Vielfältige zeitgenössische Literatur, von Jerome Ferrari bis Francesca Serra
Dank dieser Zeit der notwendigen Rückbesinnung werden heute durchschnittlich drei Romane in korsischer Sprache pro Jahr veröffentlicht. Dadurch konnte sich die Literatur auf Korsika in den 1990er und 2000er Jahren auch öffnen und das diglossische Verhältnis überwinden, um neue Themen und Genres zu erforschen, insbesondere Kriminalromane (die heute ein eigenes Festival in Ajaccio haben), historische Fiktionen oder Bücher über Traditionen und Know-how wie Tempi-fa. So entstand eine korsische Literatur, die in französischer Sprache geschrieben wird und einem breiteren Publikum zugänglich ist. Neue Figuren von nationaler Bedeutung traten auf, wie Marcu Biancarelli, der auch als Dichter und Dramatiker tätig ist, Marie Ferranti, die bei Gallimard veröffentlicht und 2002 für ihren Roman La Princesse de Mantoue mit dem Grand Prix du Roman der Académie Française ausgezeichnet wurde, oder der unumgängliche Jérôme Ferrari, der 2012 für sein Buch Le Sermon sur la chute de Rome mit dem Prix Goncourt ausgezeichnet wurde. Dieser Eifer setzt sich heute mit einer Vielzahl junger Autoren fort, deren Werke in ganz unterschiedlichen Stilen auffallen und ausgezeichnet werden. Man denke an Jean-Yves Acquaviva, Julien Battesti, Jean-Marc Graziani, Laure Limongi oder auch Francesca Serra, die für ihr Buch Elle a menti pour les ailes den Literaturpreis "Le Monde" 2020 erhielt. Diese junge Autorin legt uns hier ein sehr zeitgemäßes Werk vor, das sich mit den Auswirkungen sozialer Netzwerke auf Jugendliche befasst, und zwar durch einen zugleich ernsten und humorvollen Schreibstil. Sie zeugt von der Lebendigkeit der korsischen Literatur von heute und ihrer Fähigkeit, sich in eine globalere Landschaft einzufügen. Mit Ausnahme der insularen Verlage, die mit zunehmenden Schwierigkeiten zu kämpfen haben, geht es der korsischen Literaturproduktion also gut, mit einem stabilen, kreativen und kritischen Angebot, das für die Zukunft nur Gutes verheißt.

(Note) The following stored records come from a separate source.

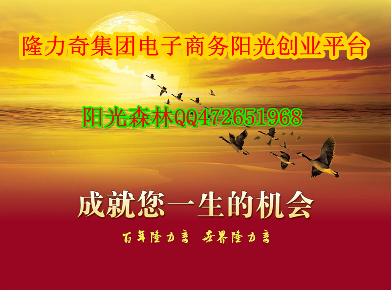 隆力奇陽(yáng)光國(guó)際電子商務(wù),一臺(tái)電腦,一根網(wǎng)線,足不出戶,在家創(chuàng)業(yè)。系統(tǒng)手把手教您由網(wǎng)民變成網(wǎng)商,在互聯(lián)網(wǎng)上做電子商務(wù)創(chuàng)大業(yè)實(shí)現(xiàn)昔日的人生夢(mèng)想!
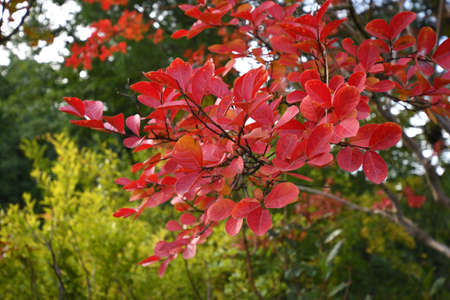 Bright autumn forest with red and orange leaves of smoke tree
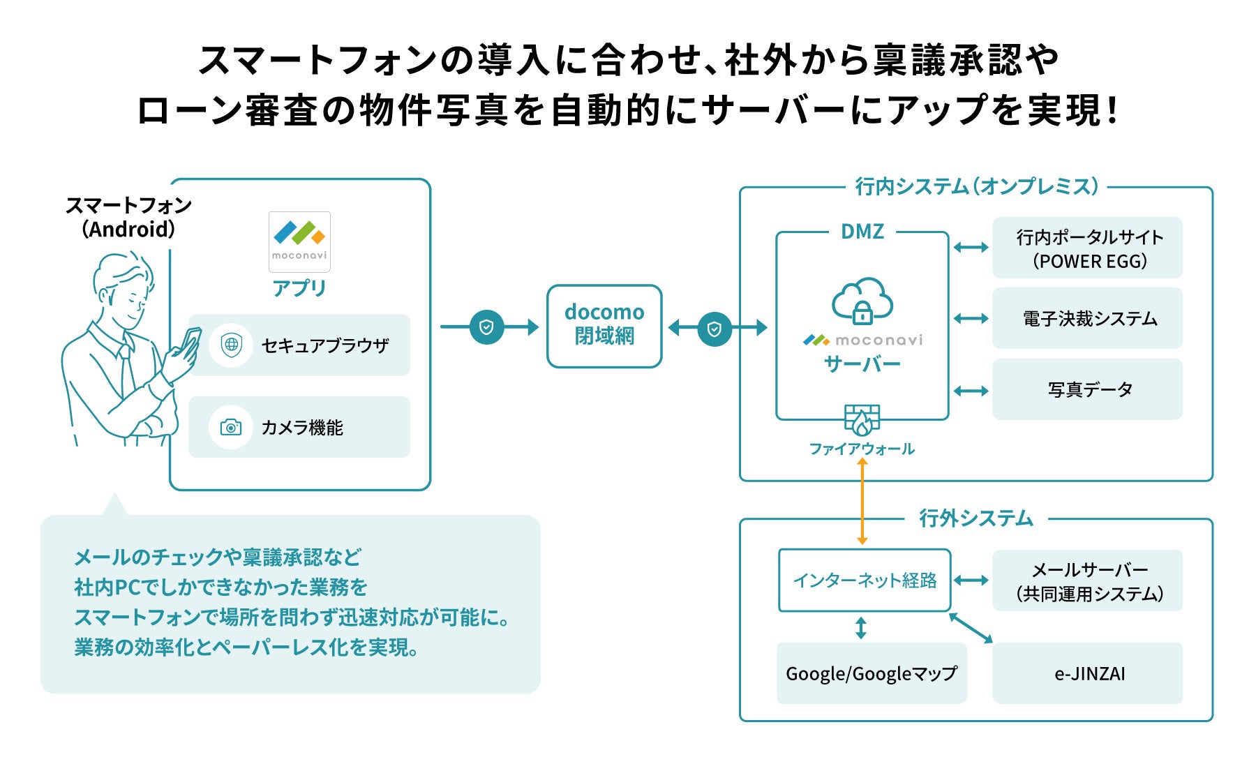 これにより、セキュアブラウザによる行内ポータルサイトや電子決裁システムへのアクセスを可能にし、スマホ業務による効率化と意思決定の迅速化を実現。また、住宅ローン審査のための物件写真を「moconavi」から直接サーバーに保存、デジタルデータとして資料に添付が可能となり、効率化とペーパーレス化を推進しました。業務課題を解決するとともに効率化を実現した事例を公開します。

L'Antulugia, das neue Standardwerk über die korsischen Literaturen
1973 wurde ein für die Literatur der Insel grundlegendes Werk veröffentlicht: Mathieu CeccaldisAntulugia. Doch seitdem sind, wie bereits erläutert, Jahre vergangen und ein wichtiger Teil des korsischen Literaturschaffens wird nicht mehr durch dieses Buch repräsentiert. Auf dieser Grundlage entstand das Projekt des neuen Antulugia, a Corsica Literaria, das im Frühjahr 2020 vom Albania-Verlag herausgegeben werden soll. Dieses massive Werk mit 1.912 Seiten ist eine wertvolle und nahezu vollständige Ressource für das literarische Schaffen auf Korsika seit den Anfängen. Man findet Texte in korsischer, französischer, aber auch italienischer Sprache, begleitet von reichhaltigen und fundierten Kommentaren und wissenschaftlichen Analysen. Ein Gral für jeden, der seine Kenntnisse der korsischen Literatur vertiefen möchte!

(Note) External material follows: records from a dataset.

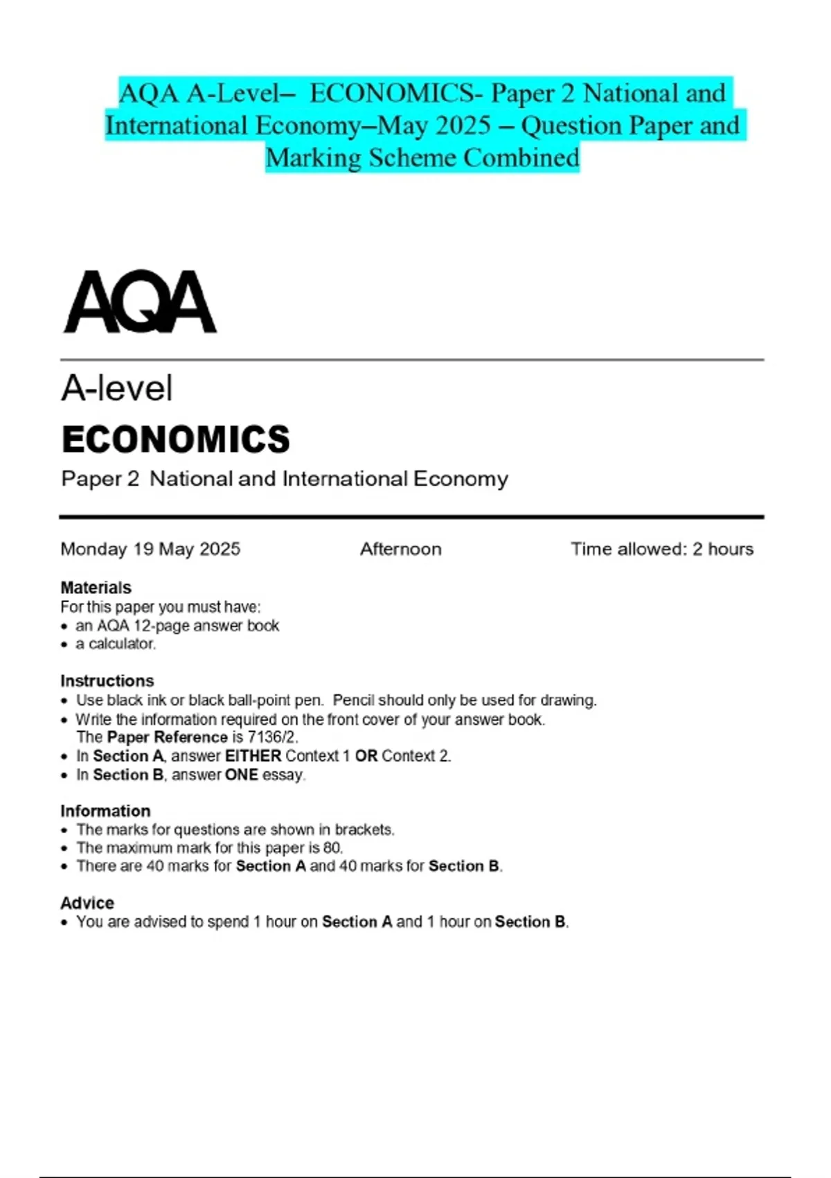 AQA A-Level- ECONOMICS- Paper 2 National and International Economy-May 2025 - Question Paper and Marking Scheme Combined
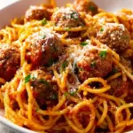 Spaghetti and meatballs isn’t just a dish; it’s a heartfelt tradition passed along through generations, a canvas for creativity in the kitchen and a reason to gather loved ones. The flavors collide beautifully, leaving you with a plate full of pure comfort. As you enjoy each delicious bite, take a moment to relish the joy of cooking and sharing this timeless classic. Bring this recipe to life in your kitchen, and watch as it transforms an ordinary meal into something extraordinary. Bon appétit!
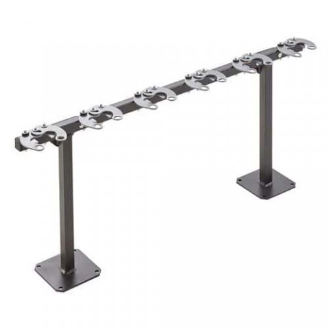 Stojan pro 6 koloběžek s možností uzamčení. Zamyká se visacím zámkem (U) nebo lankovým zámkem. Montáž na stěnu nebo ukotvení k podlaze. Rychlá a snadná instalace.Venkovní stojany na koloběžky Mottez, 6 míst, uzamykatelné

Jugendliteratur und Comics, eine andere Art, Korsika für Groß und Klein zu entdecken
Auch im Bereich der Kinderliteratur und der Comics ist Korsika kreativ. Zu den aktivsten Verlagen gehört die Corsica Comix Édition, die 2010 von Frédéric Federzoni gegründet wurde. Dieser Mann aus Ajaccio ist selbst Zeichner und hat es sich zur Aufgabe gemacht, korsischen Autoren und Zeichnern die Möglichkeit zu geben, vor Ort verlegt zu werden. Eine Art Label "korsische Comics" also, das die Talente der Insel der Schönheit hervorhebt. Das Maskottchen dieses Hauses ist Petru Santu, eine von Frédéric Federzoni und dem Drehbuchautor Desideriu geschaffene Figur, die mit Humor und Zärtlichkeit einen "Alten" karikiert, der mit mehr oder weniger Misstrauen beobachtet, wie sich die Insel und ihre Bewohner mit der Welt verändern. Was die Kinderliteratur betrifft, hier einige Ideen für Werke, die Sie in den Koffer Ihrer Kinder packen können, um ihnen die Insel aus einem anderen Blickwinkel zu zeigen: Comptines et berceuses corses, ein sanftes und farbenfrohes Album, herausgegeben von Didier Jeunesse, der zeitlose Asterix auf Korsika oder Cui Cui et Bustelle von Marine Rivoal, eine sehr schöne Übersetzung der Gedichte des berühmten Ghjuvan'Teramu Rocchi ins Französische.